Restoring the synergy between conservation, tourism and survival:

For tourism to flourish in Rajasthan, conservation of the environment on which it is sustained, is very essential. Not only are these places rich in sociocultural and economic heritage, but also hold vital positions in conservation projects all over the country. The following measures can be adopted to strive for such an equilibrium between conservation and tourism:

  1. Establishment of secure association and partnership between various stakeholders would enhance the implementation of environmental guidelines, reduce incongruity among regions, through information symmetry and policy regulations. 
  2. Reforestation of the barren hills must be undertaken as an attempt to recover and regenerate the lost biodiversity in desert ecology of Rajasthan.  
  3. The government can set up ‘untshalas’ for the camels rescued from smuggling attempts and for the camels of Raikas who can no longer provide for them. This helps in avoiding involuntary neglect and starvation of camels due to lack of funds.
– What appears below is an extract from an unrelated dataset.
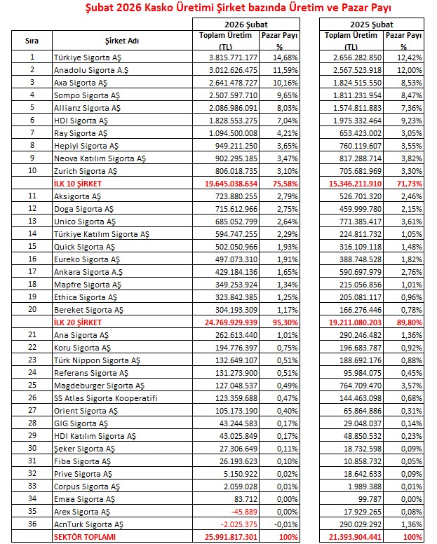 Şubat 2026 ayı itibarıyla 34 sigorta şirketi 25 milyar 991 milyon TL Kasko sigortası prim üretimi gerçekleştir. Sigorta şirketlerinin üretim ve pazar payına baktığımızda ise, ilk on şirket 19 milyar 645 TL  prim üretimiyle %75 pazar payına sahip olduğu gözlemleniyor.  İkinci on ise 5 milyar 124 milyon TL prim üretimi ve %19,72 ile pazardan payları almış görünüyor. TSB verilerine baktığımızda sektörün ilk yirmi şirketi şubat ayı itibarıyla kasko prim üretiminin %95,30’u gerçekleştirmiştir. Diğer üretim ve pazar paylarını aşağıdaki tablodan görebilirsiniz.

  4. State can combine the traditional knowledge of Raika with the avenues they possess for a better implementation of actions to conserve camels, whose population has fallen drastically in the last few decades. Benefits of such a tie-up are twofold: Firstly, this would act as a potential source of income for them, thus enabling them to fulfil their basic requirements at the very least. Secondly, this may also ensure that the state-drafted policies are effective as the Raikas bring in their traditional knowledge.
  5. Visitor management mechanisms like zoning and channeling must be used to pinpoint regions that are more suitable for higher use levels (lesser, uncontrolled interaction between humans and wildlife)
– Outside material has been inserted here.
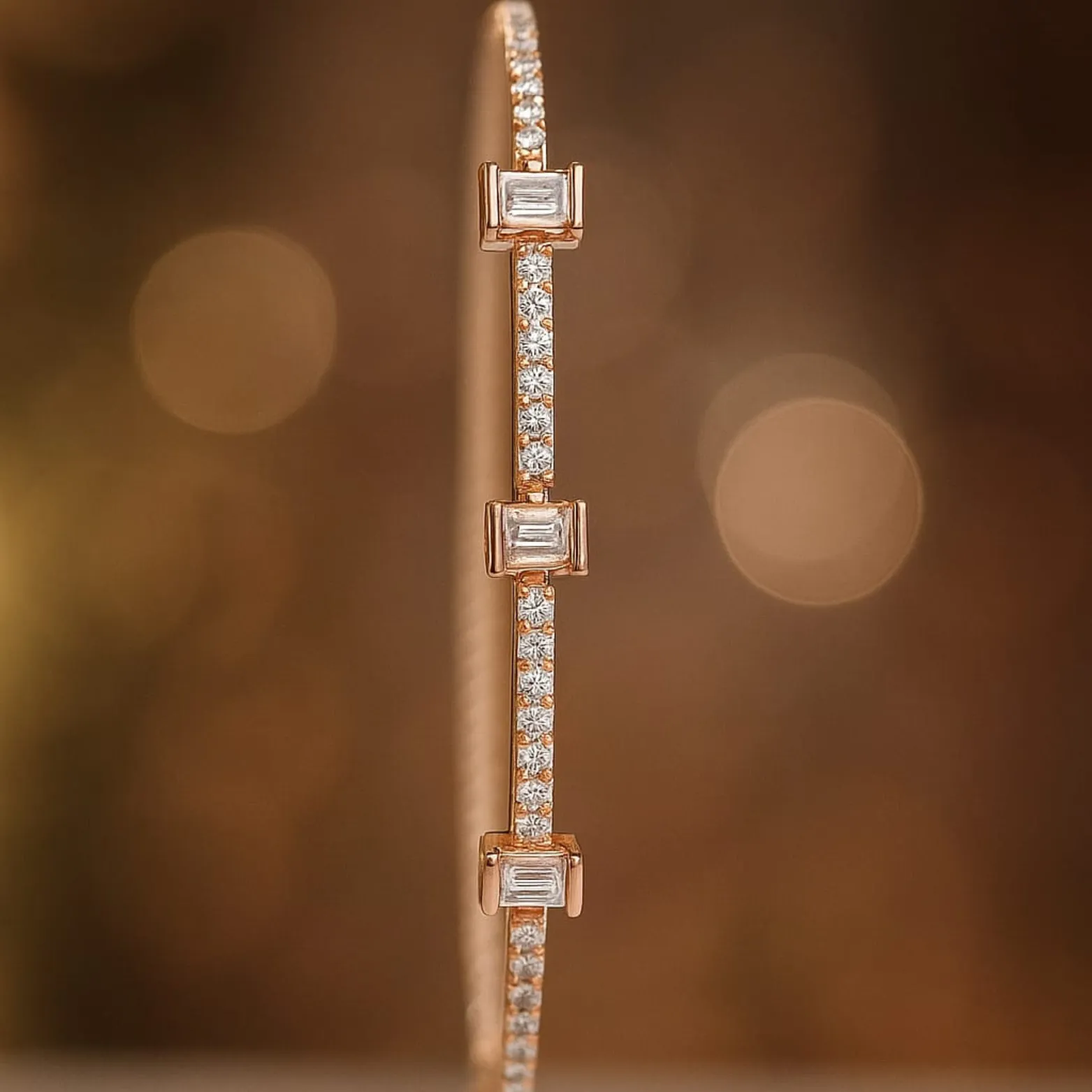 Crafted in 92.5 sterling silver with radiant rose gold plating, this bracelet blends modern minimalism with timeless sparkle. The design features a delicate line of cubic zirconia stones interrupted by sleek bar-link accents, giving it a contemporary edge. Lightweight and versatile, it’s perfect for layering or wearing solo as a refined statement piece. Designed for comfort and elegance, this bracelet transitions seamlessly from everyday wear to evening glamour.

  6. Sustainable tourism plan must be formulated for each park and sanctuary in the state, which should be incorporated in the general park governance.
  7. It is of utmost importance to accurately measure encroachments in the entire regions and land-use plans must be developed and implemented, keeping in consideration the local people and the conservation efforts. Such plans must also be revised, from time to time, to ensure effectiveness of the conservation plans at the grassroots.
  8. Hotels must pay cess to the forest department, per tourist who visits the park. This can be done to ensure that revenue generated by the tigers must be partly utilised for their betterment and protection.

The bottom line is that tourism is a luxury that some enjoy, but an adequate and safe living space is a necessity for the environment and people who depend on it. Rajasthan possesses the potential and avenues for a responsible tourism circuit, emphasizing upon conservation aims and uplifting the local communities in the process. Sensitizing the tourists towards the fragile ecosystems and presence of watch guards to ensure that it remains responsible to its stakeholders – from animals to tourists-  is the way forward. The role played by the National Green Tribunal (NGT) and civil society organisations is enormous in keeping a check on the growing commercial tourism activities and ensuring that the guidelines are followed diligently. The popular saying of “Atithi Devo Bhava” must not be restricted to just “Atithi” i.e. guests (tourists in this case), but must also include the environment that brings in tourists, in treating them as gods.